## Work order
Once the pictures have been removed, repeat the remainder of the records exactly.

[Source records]

------------------------------------

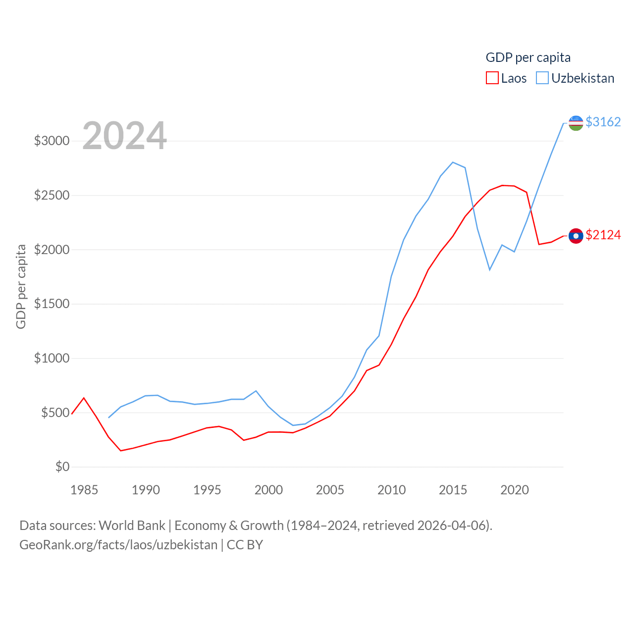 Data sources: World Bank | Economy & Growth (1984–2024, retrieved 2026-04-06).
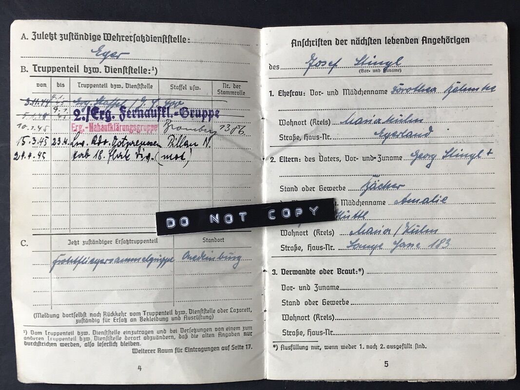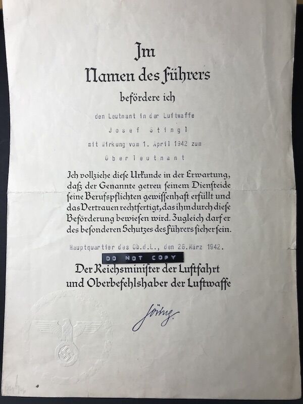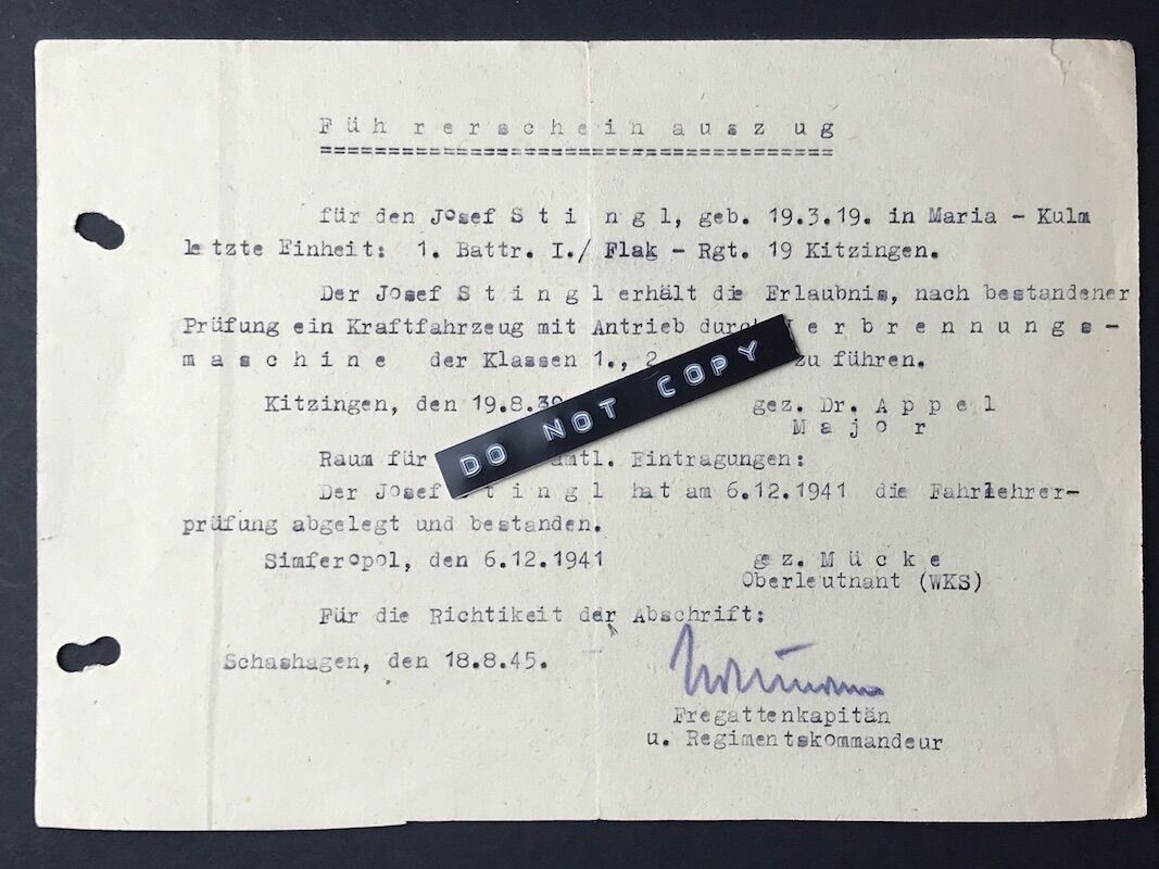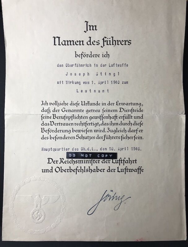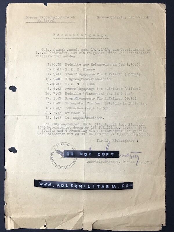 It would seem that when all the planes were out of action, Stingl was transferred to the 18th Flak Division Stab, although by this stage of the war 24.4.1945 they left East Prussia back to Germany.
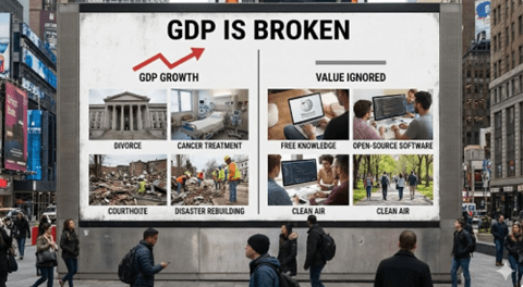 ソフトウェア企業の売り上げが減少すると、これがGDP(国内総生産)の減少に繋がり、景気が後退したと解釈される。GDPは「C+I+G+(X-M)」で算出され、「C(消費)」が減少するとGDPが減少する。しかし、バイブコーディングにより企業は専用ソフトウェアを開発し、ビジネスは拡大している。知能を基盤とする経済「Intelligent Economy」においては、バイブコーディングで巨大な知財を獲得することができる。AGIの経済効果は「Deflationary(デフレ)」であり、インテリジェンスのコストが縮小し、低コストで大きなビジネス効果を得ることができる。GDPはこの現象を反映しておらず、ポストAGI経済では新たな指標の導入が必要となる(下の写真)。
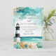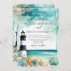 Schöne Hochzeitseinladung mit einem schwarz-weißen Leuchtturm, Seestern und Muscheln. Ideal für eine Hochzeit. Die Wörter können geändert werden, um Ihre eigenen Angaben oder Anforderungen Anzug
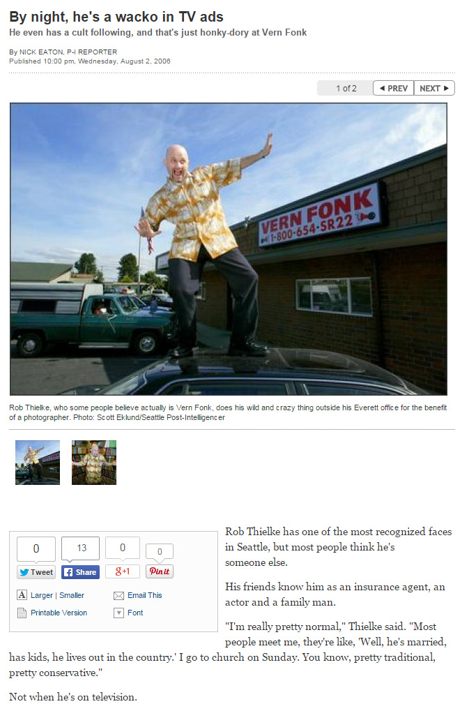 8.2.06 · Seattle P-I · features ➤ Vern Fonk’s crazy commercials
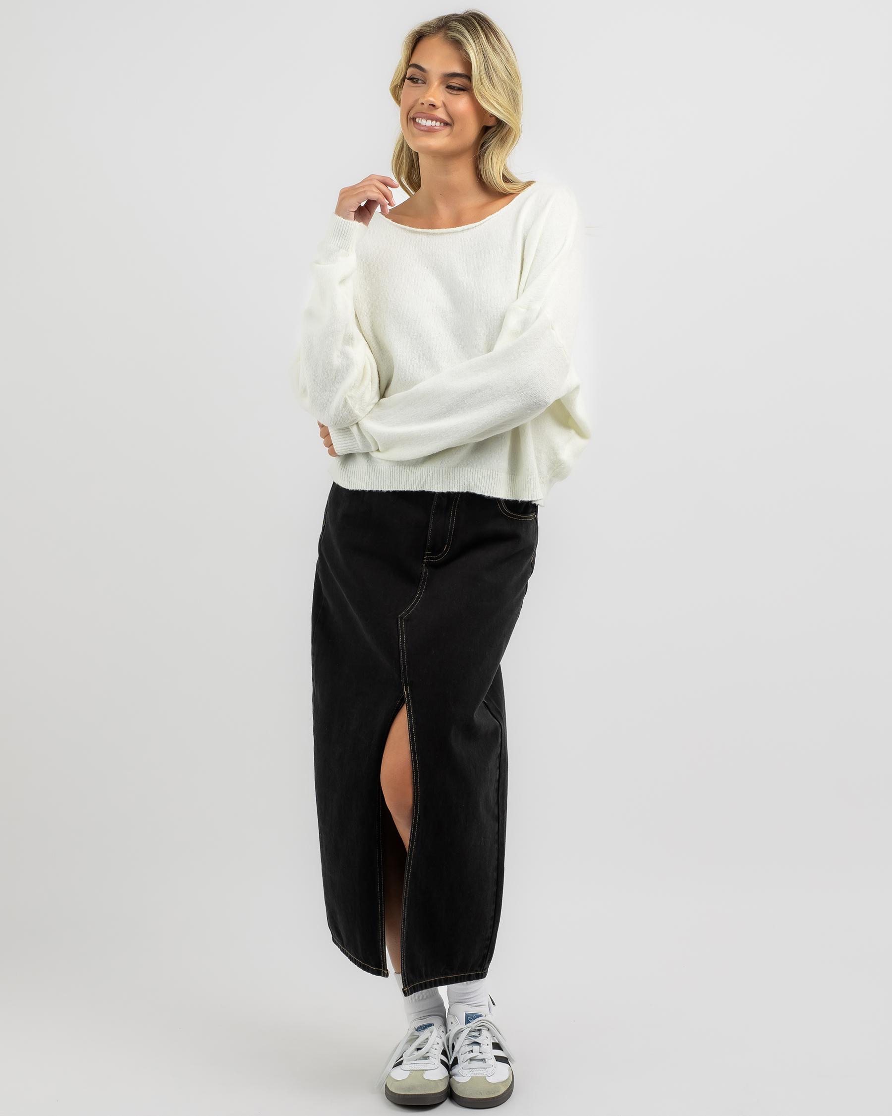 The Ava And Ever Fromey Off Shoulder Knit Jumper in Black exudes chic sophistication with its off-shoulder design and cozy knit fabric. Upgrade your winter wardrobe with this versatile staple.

------------------------------------

## Result
 Data sources: World Bank | Economy & Growth (1984–2024, retrieved 2026-04-06).
 It would seem that when all the planes were out of action, Stingl was transferred to the 18th Flak Division Stab, although by this stage of the war 24.4.1945 they left East Prussia back to Germany.
 ソフトウェア企業の売り上げが減少すると、これがGDP(国内総生産)の減少に繋がり、景気が後退したと解釈される。GDPは「C+I+G+(X-M)」で算出され、「C(消費)」が減少するとGDPが減少する。しかし、バイブコーディングにより企業は専用ソフトウェアを開発し、ビジネスは拡大している。知能を基盤とする経済「Intelligent Economy」においては、バイブコーディングで巨大な知財を獲得することができる。AGIの経済効果は「Deflationary(デフレ)」であり、インテリジェンスのコストが縮小し、低コストで大きなビジネス効果を得ることができる。GDPはこの現象を反映しておらず、ポストAGI経済では新たな指標の導入が必要となる(下の写真)。
 Schöne Hochzeitseinladung mit einem schwarz-weißen Leuchtturm, Seestern und Muscheln. Ideal für eine Hochzeit. Die Wörter können geändert werden, um Ihre eigenen Angaben oder Anforderungen Anzug
 8.2.06 · Seattle P-I · features ➤ Vern Fonk’s crazy commercials
 The Ava And Ever Fromey Off Shoulder Knit Jumper in Black exudes chic sophistication with its off-shoulder design and cozy knit fabric. Upgrade your winter wardrobe with this versatile staple.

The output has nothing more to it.